Other Malignant Hepatic Tumors

Epidemiology

A recent study described the epidemiology of FLHCC in the United States using the Surveillance, Epidemiology, and End Results (SEER) database, which covers approximately 26% of the U.S. population. A total of 46,392 HCC cases were identified between 2000 and 2010, whereas only 191 FLHCC cases (0.4% of HCC cases) were identified. The incidence rate of FLHCC was reported to be 0.2 per million person-years. There was no significant change in the incidence rates between 2000 and 2010. There was a male preponderance, with a male to female case ratio of 1.7. The incidence rates are similar between different racial and ethnic groups. FLHCC occurs in young individuals; 60% of patients presented when they were younger than 40 years, whereas only 2% of patients with HCC presented when they were younger than 40 years. FLHCC accounts for 11% of liver cancer patients younger than 40 years. Although data on the global epidemiology of FLHCC are scarce, there appears to be some geographic variation in the epidemiology of FLHCC. For example, the proportion of FLHCCs among primary liver cancers was as high as 5% in a study from Mexico.

Pathogenesis

The pathogenesis of FLHCC is unique and distinct from that of classic HCC. There are no established risk factors for FLHCC. Frequently detected mutations in classic HCC, such as TP53 and CTNNB1 mutations are not usually found. Overexpression of anterior gradient 2, which was shown to inhibit the function of p53, was reported in most FLHCCs, whereas overexpression of anterior gradient 2 was very rare in patients with HCC. Overexpression and extra copy numbers of EGFR, overactivation of mammalian target of rapamycin, Ras, mitogen-activated protein kinase, and phosphatidylinositol-3-kinase, and xenobiotic degradation pathways have also been described in the pathogenesis of FLHCC.

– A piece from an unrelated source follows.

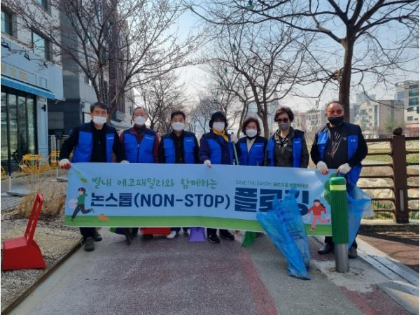 ‘논스톱(NON-STOP) 플로깅’은 상습 쓰레기 무단 투기 취약지역을 사회단체와 매칭해 집중 관리하는 것으로, 별내동 용암천 주민공동체, 바르게살기운동 남양주시협의회 별내동위원회, 자원봉사센터 별내동 자원봉사단, 별내동 통장협의회, 별내동 주민자치위원회에서 매주 릴레이 형식으로 활동을 진행한다.

The molecular pathogenesis of FLHCC remained poorly understood until recently, when a number of key studies shed substantial light on the molecular pathogenesis of FLHCC. First, a novel chromosomal deletion was identified on chromosome 19, resulting in a chimeric transcript encompassing portions of the messenger RNAs of PRKACA and DNAJB1 . This DNAJB1 - PRKACA chimeric transcript was not detected in any nontumor samples. Western blot analysis confirmed the translation of this chimeric RNA transcript exclusively in the tumor. Although the mechanistic roles of the chimeric protein in the pathogenesis of FLHCC remain to be further investigated, the presence of the DNAJB1-PRKACA chimeric transcript in 100% of the FLHCCs tested so far raises the possibility that this genetic change plays a major role in the pathogenesis of FLHCC.

Another study analyzed 78 FLHCC samples using a whole-transcriptome single-nucleotide polymorphism array and next-generation sequencing. Unsupervised gene expression clustering revealed three molecular subclasses of FLHCC, designated the proliferation, inflammation, and unannotated classes. Several copy number variations, such as amplification at 8q24.3 and deletions at 19p13 and 22q13.32, were reported. An eight-gene signature was reported that predicted overall survival in patients with FLHCC. Further genomic profiling of FLHCC will provide key information for understanding the molecular pathogenesis of FLHCC and developing targeted treatment for FLHCC.

Pathology

The distinct pathologic features of FLHCC were first reported approximately 60 years ago. Histopathologically, FLHCC typically shows well-differentiated, large polygonal malignant cells with eosinophilic hyaline bodies and granular cytoplasm that are embedded in lamellar bands of thick fibrous tissue in the absence of pathologic changes in the surrounding liver ( Fig. 48-1 ). Rarely, glandular type differentiation with mucin production or clear cell–type changes are reported as a variant form of FLHCC. FLHCC shares both hepatocellular and cholangiocellular differentiation. FLHCC tissues are positive for albumin messenger RNA by in situ hybridization, hepatocyte paraffin 1, and polyclonal carcinoembryonic antigen, confirming their hepatocellular differentiation. On the other hand, they stain positive for cytokeratins 7 and 19 and epithelial cell adhesion molecule, suggesting a bile ductular differentiation.

Clinical Features

Because of their young age and low probability of cancer, most patients with FLHCC are not diagnosed until the tumor progresses sufficiently to stretch the liver capsule and exert a sufficient mass effect to cause symptoms. As a result, less than 20% of patients present with primary tumors smaller than 5 cm. The most common symptoms include abdominal pain, abdominal distension, and systemic cancer–related symptoms such as fatigue, weight loss, anorexia, and nausea. Patients often present with pain from metastatic disease in other organs, such as joint or bone pain from skeletal metastasis. They may present with ascites due to peritoneal metastatic disease. Rarely, FLHCC patients present with fulminant hepatic failure due to massive replacement of the liver by the tumor. Patients may also present with thrombophlebitis of the lower extremities or hyperthyroidism as paraneoplastic phenomena.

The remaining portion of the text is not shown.